El episodio de las amenazas al juez de Barcelona Joaquín Aguirre, que instruye el sumario de las conexiones rusas de Puigdemont y el de los pagos del F. C. Barcelona al vicepresidente del comité técnico de árbitros, muestra a qué extremos ha llegado la inseguridad jurídica en la Cataluña del proceso y los separatistas. La cadena de errores es elocuente. En primer lugar, un juez que debería estar perfectamente protegido recibe un paquete con una falsa bomba en su interior que atraviesa todos los controles de seguridad y llega a su propio despacho en lo que no es sino un auténtico aviso a la manera mafiosa, la cabeza de un caballo en el lecho del magistrado. Después, se oculta el hecho, se impide que trascienda hasta una semana después, como si un simulacro de bomba en un juzgado fuera una situación ordinaria a la que no hay que dar más importancia. Y cuando por fin unos pocos medios de comunicación, entre ellos Libertad Digital, revelan lo ocurrido, las propias autoridades judiciales corren a dar carpetazo al asunto sin haber mostrado la más mínima sensibilidad respecto a la seguridad del magistrado. Ni siquiera un gesto de solidaridad antes o después de archivar el caso por "autor desconocido".

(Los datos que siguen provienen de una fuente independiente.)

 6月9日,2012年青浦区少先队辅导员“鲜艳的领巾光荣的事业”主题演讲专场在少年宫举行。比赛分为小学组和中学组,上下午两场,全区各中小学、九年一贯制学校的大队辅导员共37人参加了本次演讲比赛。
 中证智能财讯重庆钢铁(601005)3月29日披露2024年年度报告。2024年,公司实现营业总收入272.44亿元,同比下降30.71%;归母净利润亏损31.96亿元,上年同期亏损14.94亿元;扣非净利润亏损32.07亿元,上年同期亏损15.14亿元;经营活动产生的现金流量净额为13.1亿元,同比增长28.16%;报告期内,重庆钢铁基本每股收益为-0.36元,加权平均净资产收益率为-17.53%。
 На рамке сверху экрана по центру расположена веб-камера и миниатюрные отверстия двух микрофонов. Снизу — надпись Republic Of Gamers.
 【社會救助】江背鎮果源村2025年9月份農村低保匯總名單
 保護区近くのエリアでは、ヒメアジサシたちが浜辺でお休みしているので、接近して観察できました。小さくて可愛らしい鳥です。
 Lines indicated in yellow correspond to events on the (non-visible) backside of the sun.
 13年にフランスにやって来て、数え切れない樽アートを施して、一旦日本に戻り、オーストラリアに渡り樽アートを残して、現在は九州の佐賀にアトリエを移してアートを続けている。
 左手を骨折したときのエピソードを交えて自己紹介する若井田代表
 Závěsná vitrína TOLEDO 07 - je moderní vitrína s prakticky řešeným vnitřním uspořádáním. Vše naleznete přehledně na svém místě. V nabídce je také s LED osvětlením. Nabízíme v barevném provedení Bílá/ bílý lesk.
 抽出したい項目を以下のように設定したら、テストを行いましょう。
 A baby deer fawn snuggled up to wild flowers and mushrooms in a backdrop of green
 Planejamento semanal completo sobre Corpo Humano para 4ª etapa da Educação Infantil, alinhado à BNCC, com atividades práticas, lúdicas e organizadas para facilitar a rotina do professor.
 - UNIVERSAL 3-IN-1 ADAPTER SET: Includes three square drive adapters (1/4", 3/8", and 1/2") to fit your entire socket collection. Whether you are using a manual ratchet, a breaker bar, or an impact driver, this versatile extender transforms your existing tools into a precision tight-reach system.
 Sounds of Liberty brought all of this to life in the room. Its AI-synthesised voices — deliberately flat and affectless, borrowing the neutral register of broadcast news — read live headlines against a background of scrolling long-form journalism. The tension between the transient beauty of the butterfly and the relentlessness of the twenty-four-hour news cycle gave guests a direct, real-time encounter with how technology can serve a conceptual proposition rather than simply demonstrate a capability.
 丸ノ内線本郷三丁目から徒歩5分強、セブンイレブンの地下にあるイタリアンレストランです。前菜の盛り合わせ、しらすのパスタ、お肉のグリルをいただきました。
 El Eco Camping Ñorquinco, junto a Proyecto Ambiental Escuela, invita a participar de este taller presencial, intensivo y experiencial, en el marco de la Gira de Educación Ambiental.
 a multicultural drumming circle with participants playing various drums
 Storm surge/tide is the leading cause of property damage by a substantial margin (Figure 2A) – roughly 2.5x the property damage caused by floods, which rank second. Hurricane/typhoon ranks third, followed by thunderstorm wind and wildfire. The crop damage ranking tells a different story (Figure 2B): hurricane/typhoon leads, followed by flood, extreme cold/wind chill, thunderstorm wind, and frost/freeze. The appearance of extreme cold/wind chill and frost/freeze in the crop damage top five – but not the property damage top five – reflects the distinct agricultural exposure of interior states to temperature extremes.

Es evidente que los Mossos d'Esquadra no han mostrado mayor interés en esclarecer la escandalosa amenaza contra el juez Aguirre, sometido al señalamiento constante de los medios de comunicación en Cataluña e incluso apuntado directamente en el Congreso de los Diputados por la portavoz de Puigdemont en Madrid sin que se obligara a Míriam Nogueras a la más mínima retractación. Hay barra libre contra los jueces implicados en casos que afectan a los independentistas y el ejemplo de Aguirre resulta harto manifiesto. Como ya ha ocurrido con otros magistrados (amenazas e intentos de agresión a Pablo Llarena, por ejemplo, o las pintadas amenazantes en su segunda residencia que sufrió Ramírez Sunyer, el difunto instructor del sumario por el que se deberían juzgar en Barcelona a altos cargos de ERC por la organización del referéndum ilegal), Aguirre está solo, sin ninguna protección, sin escolta, al albur de unos avisos que se pueden concretar en desagradables consecuencias. Una falsa bomba debería ser como mínimo tan alarmante como una bala o un cortauñas en un sobre. Claro que la diferencia es el receptor. Por un lado, un juez incómodo para el separatismo y para sus socios. Por otro, ministros del Gobierno de España gracias al apoyo de los separatistas investigados por ese mismo juez. En el primer caso, silencio y archivo. En el segundo, alarma, denuncias y celo investigador.
Ese doble rasero explica las dificultades de los jueces en España para abordar según qué expedientes, su indefensión, la falta de medios y la creciente inseguridad jurídica que propicia el amedrentamiento sin consecuencias de las autoridades judiciales. Señalados por los separatistas, hostigados por el Gobierno de Sánchez, amenazados y silenciados. Lo que le ha sucedido al juez Aguirre debería haber provocado una investigación a fondo sobre el paquete y sobre los inauditos y clamorosos fallos de seguridad en una administración de Justicia que en términos operativos depende en Cataluña de la Generalidad y de sus Mossos d'Esquadra. Es un escándalo mayúsculo, una tropelía contra un magistrado que está en el punto de mira de Puigdemont, el amigo de Putin que regresará a Cataluña con alfombra roja gracias a Pedro Sánchez. Eso es Cataluña, la conciliación que propone Sánchez, el silencio de los jueces, a quienes hay que advertir como sea de que no pongan trabas a la impunidad que implica la amnistía.